Как меня зовут? - Шаргунов Сергей Александрович 4 стр.


— Сопля! Сопля полезла! — возликовали на перемене, и первый класс, мимо шедший, подхватил, заглядываясь.

Кощей удалился в конец коридора, сосал из пакетика сок, заботливо сунутый Ниной. Несчастье настигло: запыхавшийся озорник, отыграв в снежки, пробегая, широко стряхнул руки. Водица попала, Андрей поймал нос, сковырнул корочку…

О, сердобольная Яна с восковым лицом. Она водила ладонями по бедрам. Или посасывала карандаш. Жила рядом со школой и была “безбашенная”, с периодическим стеклом взора.

Выпускной (“Не ходи туда, не сливайся с нечистотами!” — удерживал Владимир), дискотека, бутерброды, ее родители восседали на празднике, она облилась шампанским и поскакала за новой майкой. Сбивались с ног, липко сцепившись руками. В прихожей навалился, зацеловывал до гостиной, уронил на диван. Духота, серо-льдистое око телевизора, Андрей мараковал… Смущенно позвякивал сервиз.

Дорога обратно, укладывались вороны, чадил в тополиной кроне лопнувший фонарь. Девица прижалась свеженькой черной майкой, поелозила белеющим словом “YES”.

— Яночка! Мы теперь будем встречаться?

— Извини, ты не мой парень… — Поскакала ступеньками в школу и танцевала с другим, а на спине ловко белело: “NO”.

Андрей напился. Сходил с неприятелями за водкой.

— Ты стал настоящим пацаном!

Берет бутылку “Распутина”, переворачивает в себя, дальше обрывки: лицо в раковину, суматоха, сдвинутые под боком парты, “Пульс пощупай!” — “Скелет, ты живой?”

Все мы движемся, движемся, становясь скелетами… Они несли его тепленького, мертвецки пьяного, и фонари, чадящие и работящие, мелькали сквозь их грудные клетки.

Бросили на коврик у квартиры.

Открыл отец.

Раб божий

Тем летом была еще постель с одной соседкой-гуленой, блестками кофта, черные зоркие смородины, пряность рта, но постели этой было малым-мало. Где же вы, девчонки? Надо лечь, обнявшись, двигаясь друг в друге…

Отец заставлял ходить в церковь по воскресеньям.

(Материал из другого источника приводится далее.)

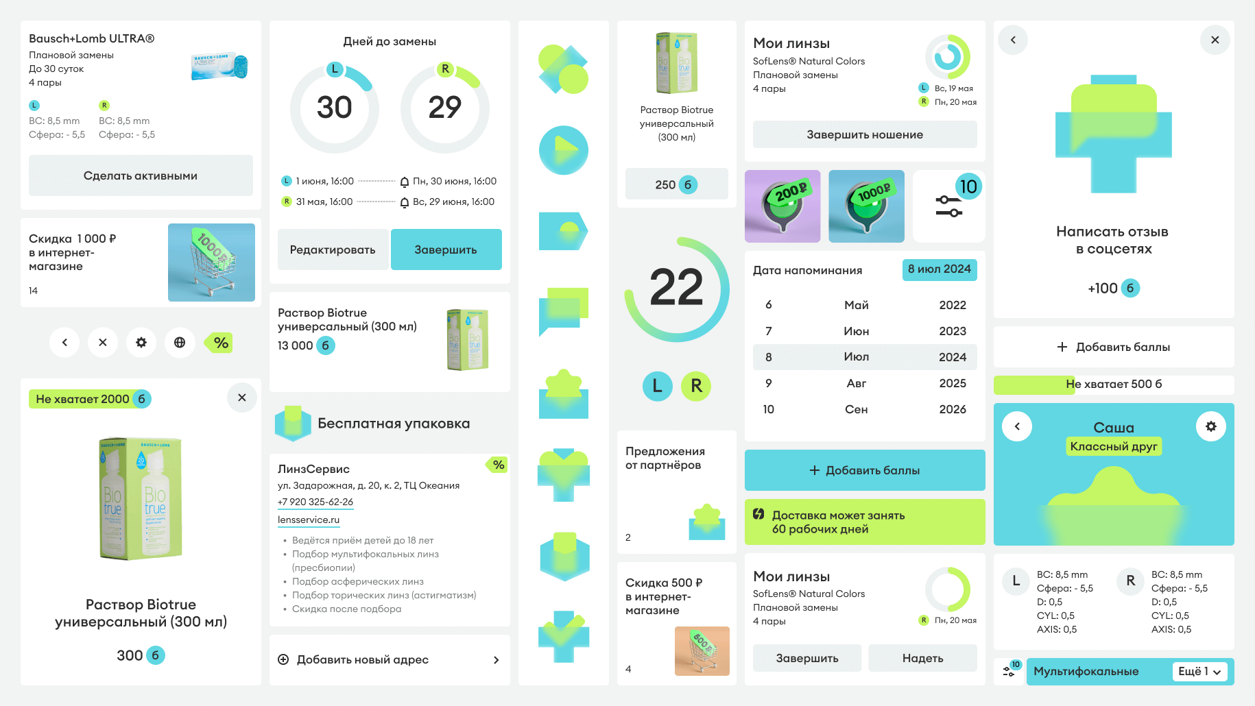 Так за разработкой приложения программы лояльности к нам обратилась команда производителя контактных линз Bausch+Lomb. У компании уже была программа лояльности, но работала только на сайте. Команду клиента не устраивал User Flow, поэтому нашей основной задачей было переосмыслить опыт использования приложений для здоровья, пересобрать текущие сценарии и внедрить в приложение полезные для пользователей функции.
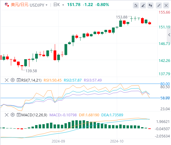 美元/日元在美元波动中有所下跌,近期支撑位可能见于150-148(附近,这表明这个货币对的下行空间有限;它可能从当前水平反弹到更高的水平,或者在近期测试支撑位之后再展开反弹。
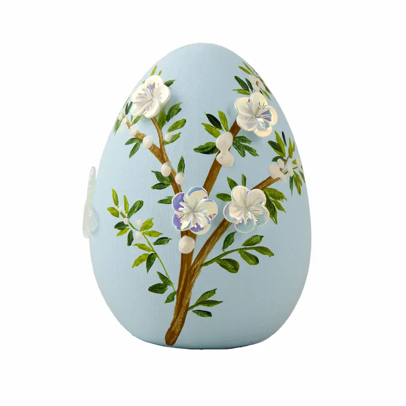 Each turquoise haft seen egg is individually painted, showcasing rich cultural artistry. The gentle blue base evokes spiritual clarity, while the embossed flowers and butterflies are carefully shaped and affixed by hand. This makes each egg unique—just like the stories told around every Nowruz gathering.
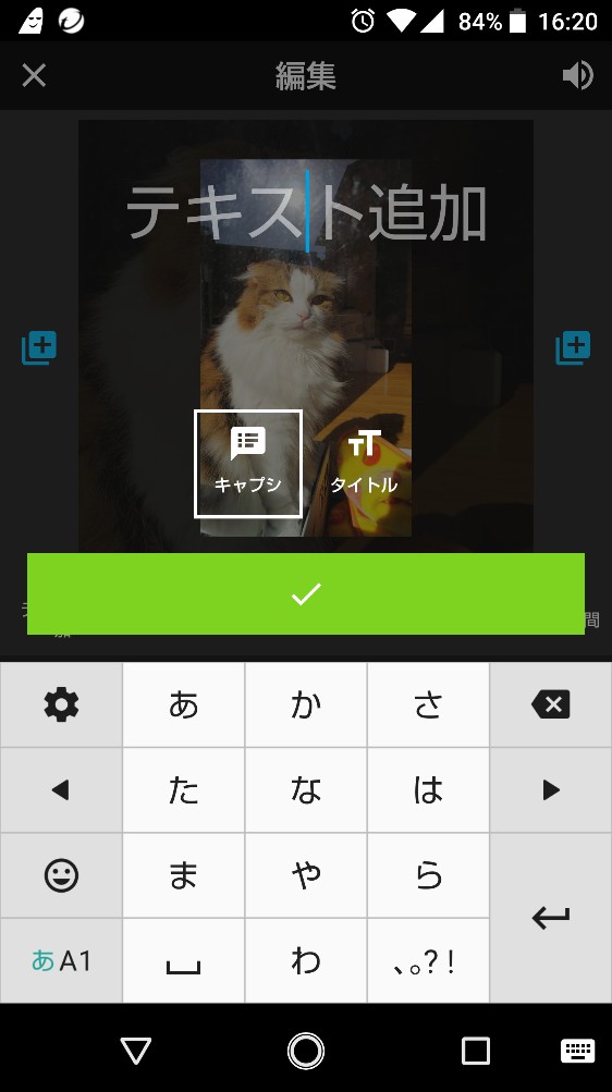 「タップして字幕を入力」と表示された箇所をタップすると字幕入力画面に移ります。
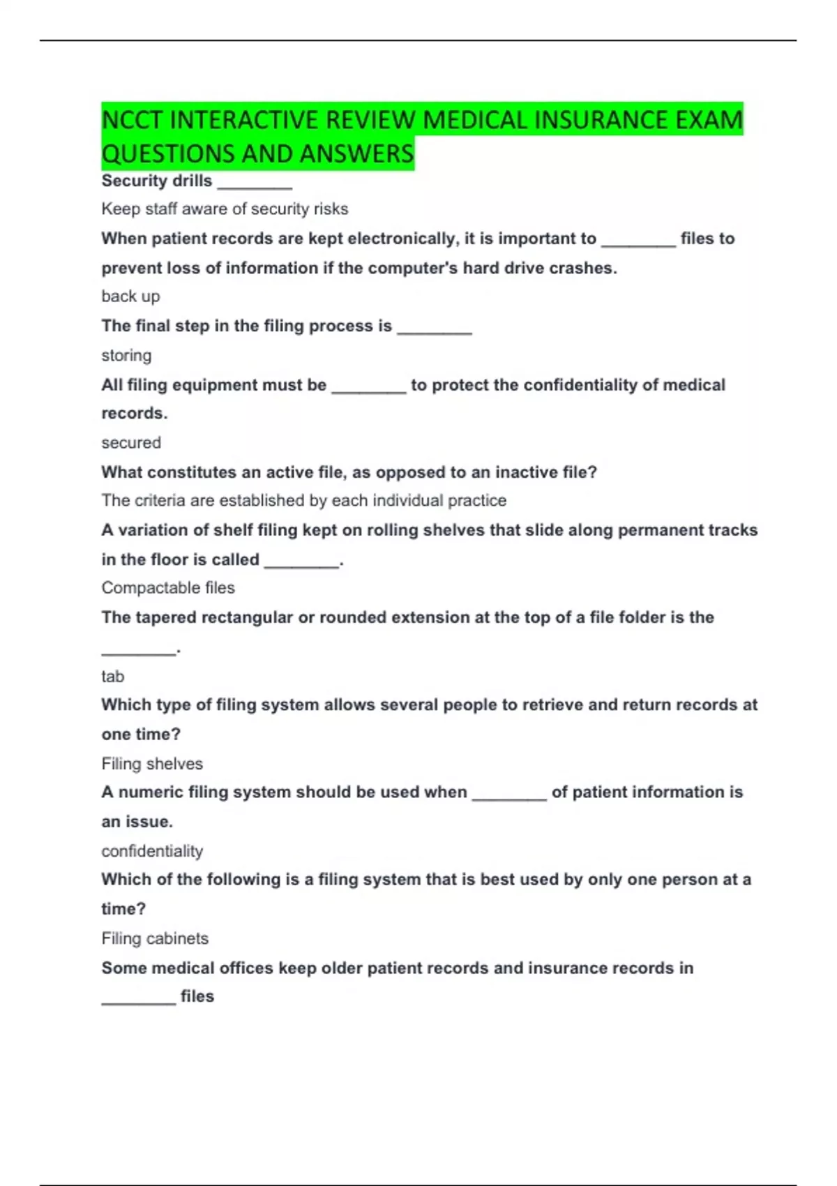 NCCT INTERACTIVE REVIEW MEDICAL INSURANCE EXAM QUESTIONS AND ANSWERS
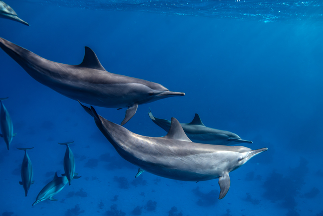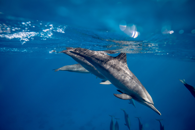İklim değişikliği ile insan kaynaklı kirlenme gibi sebeplerle yok olma tehlikesiyle karşı karşıya kalan Kızıldeniz'in beyaz yüzgeç resif köpek balığı ve uzun burunlu dönücü yunusları AA tarafından görüntülendi
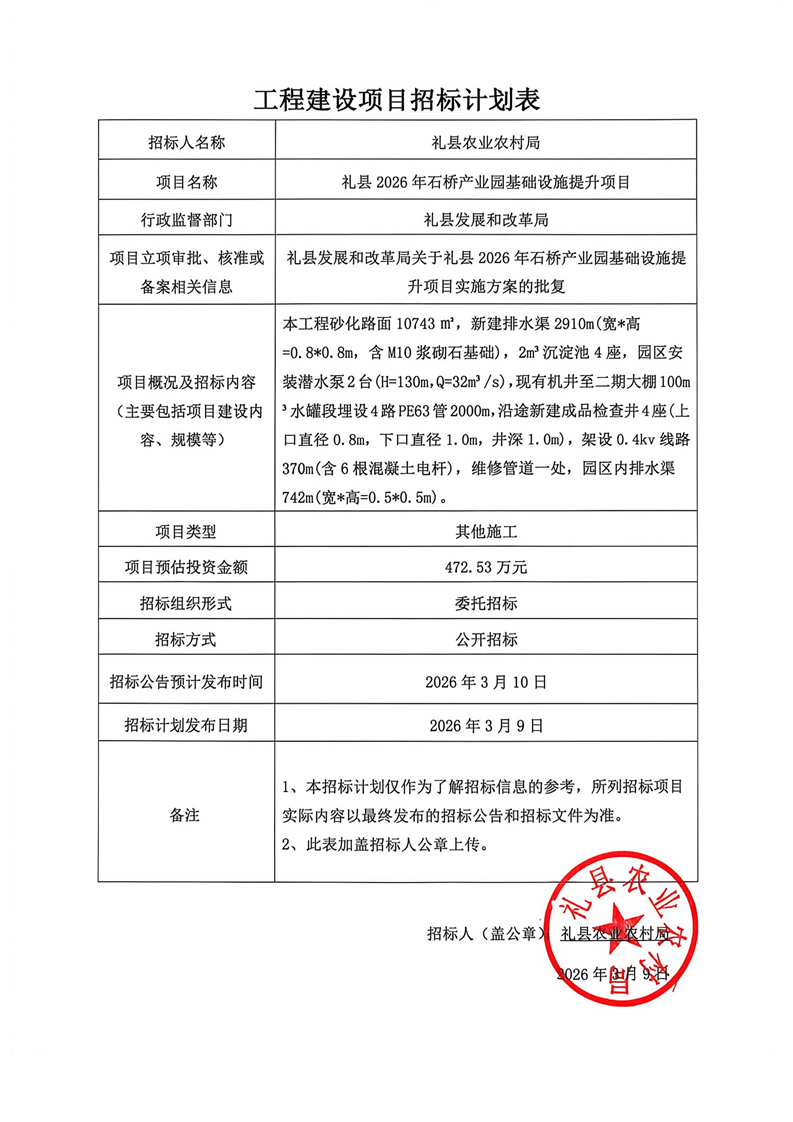 禮縣2026年石橋產業(yè)園基礎設施提升項目

— Что тебе стоит! Ради мира в семье! — увещевала Нина. — Рано встал — Бог подал. А я тебе мзду дам.

Но от мужа отбояривалась:

— Так плохо мне. Прости, сил нет…

Света отвозила Владимира по-прежнему в Печатники, где он стал старостой, и высаживала Андрея за квартал от дома, возле желтой с зеленым куполом церкви. И через утреннее запустенье несся назад. Мать размягченно вставала к завтраку, даря сторублевкой.

Одним утром все надоело. Его измучил этот стук в комнату, зажигание света, похаживание, отдирание штор, любящий и расчетливый поцелуй, дабы добудиться, и голос — сама бдительность:

— Встаешь или нет? Долго нам тебя ждать?

— Не жди, — ответил гортанно. — Я сплю. Выйди из моей комнаты.

— Ты так? Ты? Да я! Я забираю твой компьютер… Не прикасайся к еде! Не ешь мою еду! Света!..

Шофериха заглянула:

— Да?

— Помоги… Тяжелое…

Поняла с полуслова, шагнула в пористых сапогах и принялась резво разъединять проводки. Пронесла монитор. Вытащила блок питания. Постепенно. Упитанно. Отец подхватил принтер, лихорадочно бормоча:

— Опаздываем…

Андрюша лежал, руки скрещивая под одеялом.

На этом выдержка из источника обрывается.